Le vieil homme et la fillette

Je regarde par la fenêtre de mon appartement, un pâle soleil caresse les branches squelettiques des arbres. Elles se contorsionnent pour bénéficier des bienfaits de cet éphémère cadeau. C’est l’heure de la marée, le vent va se lever et ramener son lot de nuages. Depuis quelques jours, un vieil homme courbé par le poids des ans et du labeur, entre dans le parc. Il marche à petits pas comptés s’aidant d’un bâton de pèlerin. Une fois, il a levé la tête. A-t-il senti que je l’observais ? La rue est large, je ne pense pas qu’il m’ait vu. Dessous sa casquette, j’y ai aperçu ses yeux très clairs, son nez assez proéminent, sa bouche si fine qu’elle semble disparaitre sous sa moustache épaisse et broussailleuse et son menton saillant. Il a haussé les épaules et a repris son petit bonhomme de chemin. Des chaussures, un manteau, le chapeau, je descends, sort, traverse la rue et entre dans le parc.

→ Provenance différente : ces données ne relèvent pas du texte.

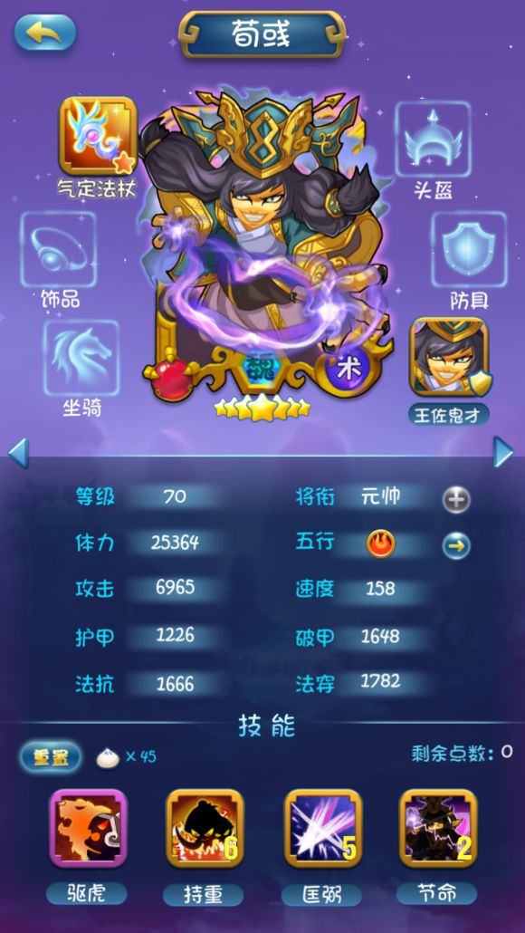 如果有铃铛的话2技能其实没什么用,基本上不会有机会荀彧还能和另一个术将一上场的,所以如果有铃铛的话就加34,没铃铛的话最好每次前进之前要看一下对方阵型,调整荀彧的位置。
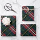 Feuilles de papier d'emballage stylées et festives (série de trois) avec notre design motif plaid rouge foncé et vert élégant. Papier d'emballage parfait pour les amateurs de plaid. Oeuvre De La Papeterie Moodthologique.
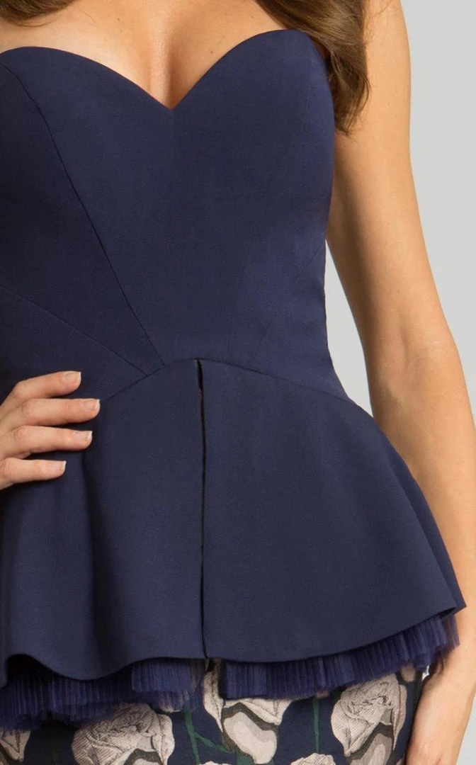 | Details: | Strapless, Floral print skirt, Layered peplum details on the hips, Open back, Back zipper closure |
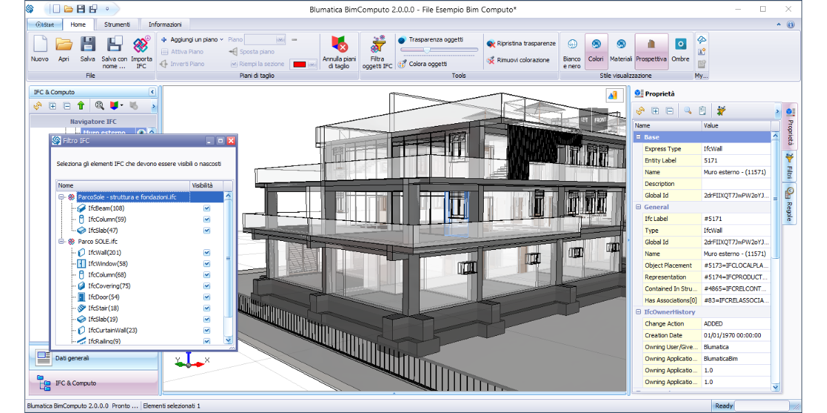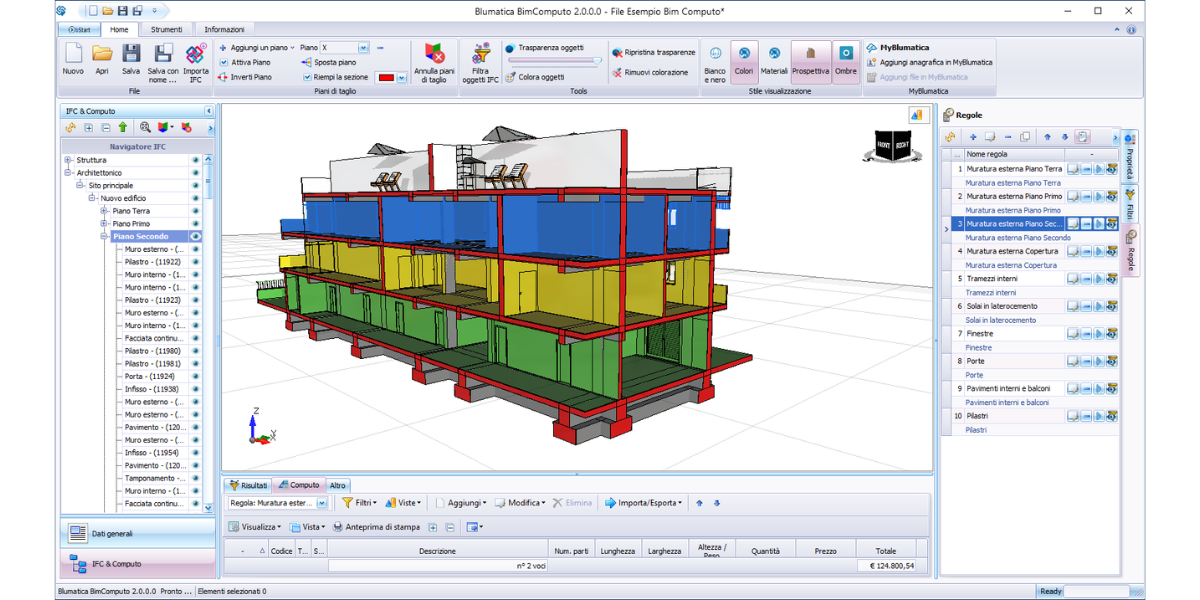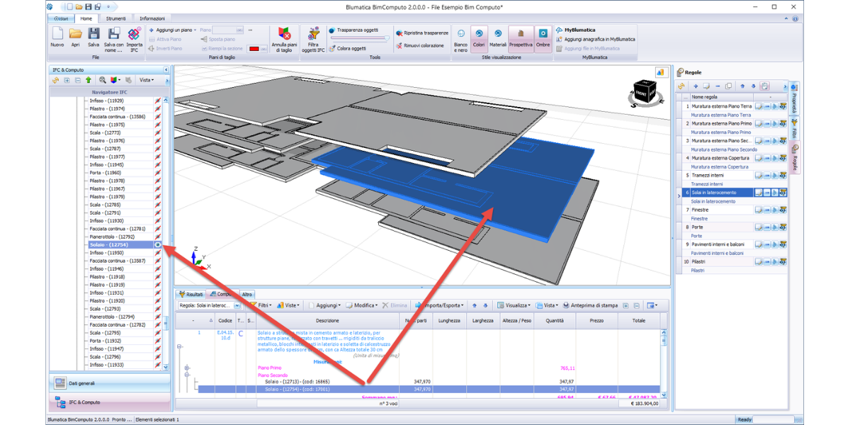 Visualizzazione 3D e definizione del computo metrico estimativo da uno o più file in formato IFC.
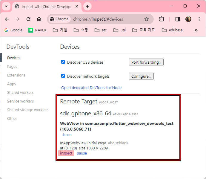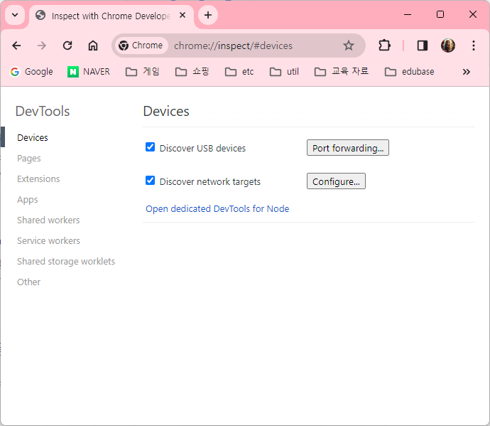 크롬 브라우저를 열어 주소창에 chorome://inspect 를 입력하여 이동한다.
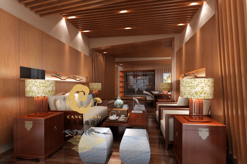 贵宾领导接待室,靠近董事长室旁边并和董事长房间做成套间使用,整体使用古色古香的中式风格体现厚重的历史文化,结合附近三生缘茶室的书香氛围并挂了两幅范增大师的书法。
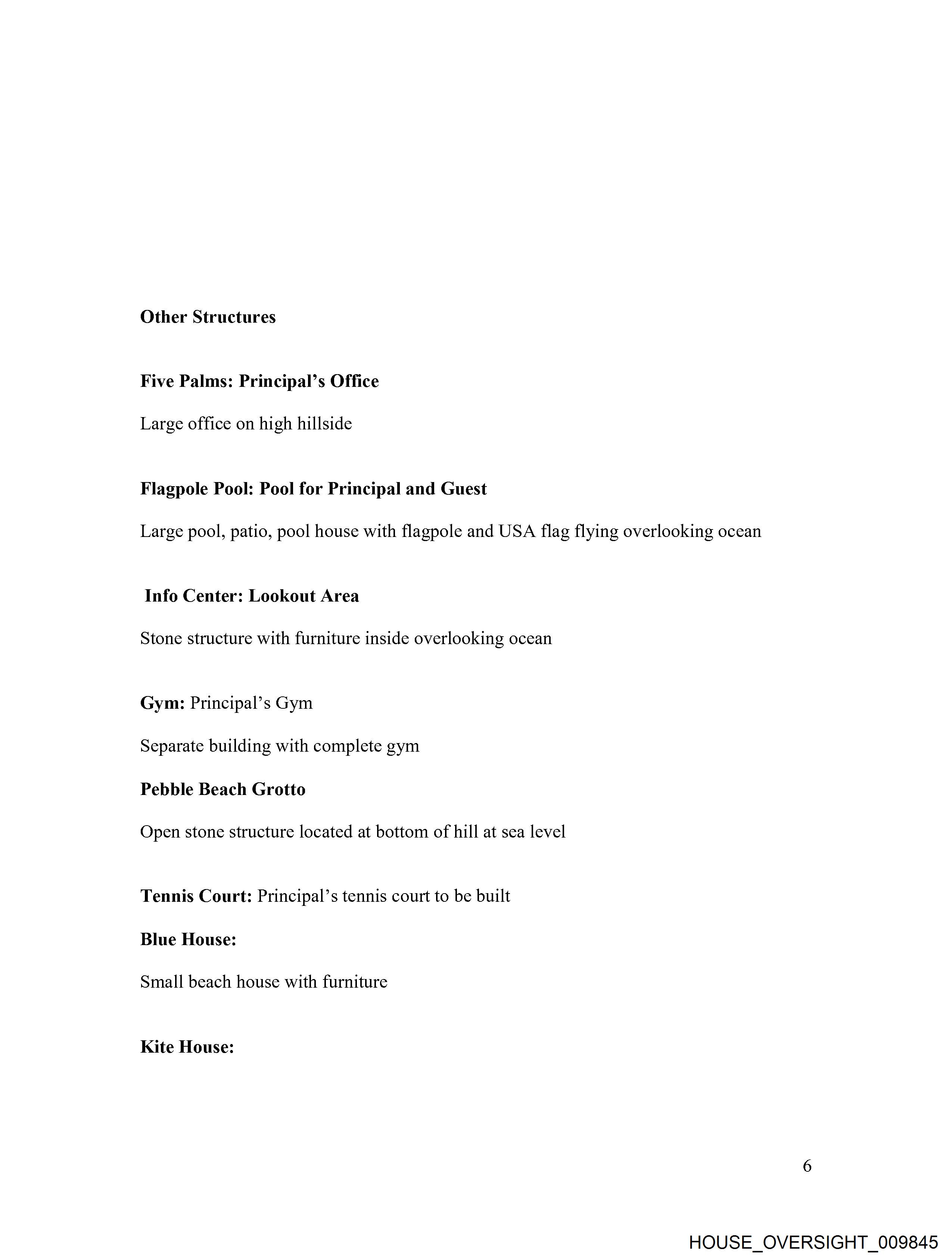 Other Structures Five Palms: Principal’s Office Large office on high hillside Flagpole Pool: Pool for Principal and Guest Large pool, patio, pool house with flagpole and USA flag flying overlooking ocean Info Center: Lookout Area Stone structure with furniture inside overlooking ocean Gym: Principal’s Gym Separate building with complete gym Pebble Beach Grotto Open stone structure located at bottom of hill at sea level Tennis Court: Principal’s tennis court to be built Blue House: Small beach house with furniture Kite House: HOUSE_OVERSIGHT_009845
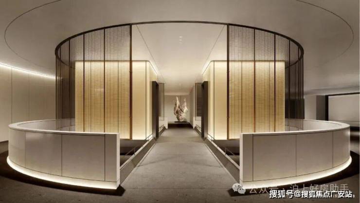 比起中规中矩的直线,弧形施工工艺更复杂、造价更高,却多了几分灵动轻盈!这种弧形的元素不只是在样板间里,在售楼处也能经常看到,比如电梯厅。
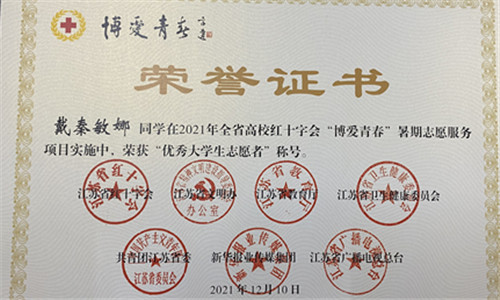 “博爱青春”暑期志愿服务项目由省红十字会、省文明办、省教育厅、省卫健委、团省委、新华报业传媒集团、省广播电视总台等7个部门主办,为大学生志愿者服务他人、奉献社会创造了条件,产生了良好的社会美誉度和影响力,被中宣部、中央文明办等部门推选为“最佳志愿服务项目”。

Je prends à droite, je suis le parcours le plus long et profite de cet air vivifiant, du bruit de mes pas sur la terre battue, le pas des chevaux à quelques mètres derrière ce rideau d’arbres, le clapotis de l’eau de la fontaine. Il est là assis devant la fontaine des « trois grâces », il a les yeux entrouverts, il respire à pleins poumons, il profite de cette quiétude. Il est vieux, il a travaillé toute sa vie, il a le droit de se reposer. Sur le banc opposé, une jeune femme d’une trentaine d’années accompagnée d’une jolie petite fille lit à haute voix. L’enfant est bien plus intéressée par le vieil homme que par l’histoire lu et relu par sa mère ou sa gouvernante. Elle se joue de ce qu’elle voit au travers des gerbes d’eau. Selon la force du jet, le vieux Monsieur semble se déformer et même disparaître. La lectrice referme le livre, le place dans son sac, attrape la main de la fillette et part. Le vieil homme se lève et regagne ses pénates à petits pas comptés, son bâton régulant sa marche. Est-ce le plaisir de voir ce charmant tableau qui l’attire ? A mon tour, je rentre chez moi la tête pleine de questions.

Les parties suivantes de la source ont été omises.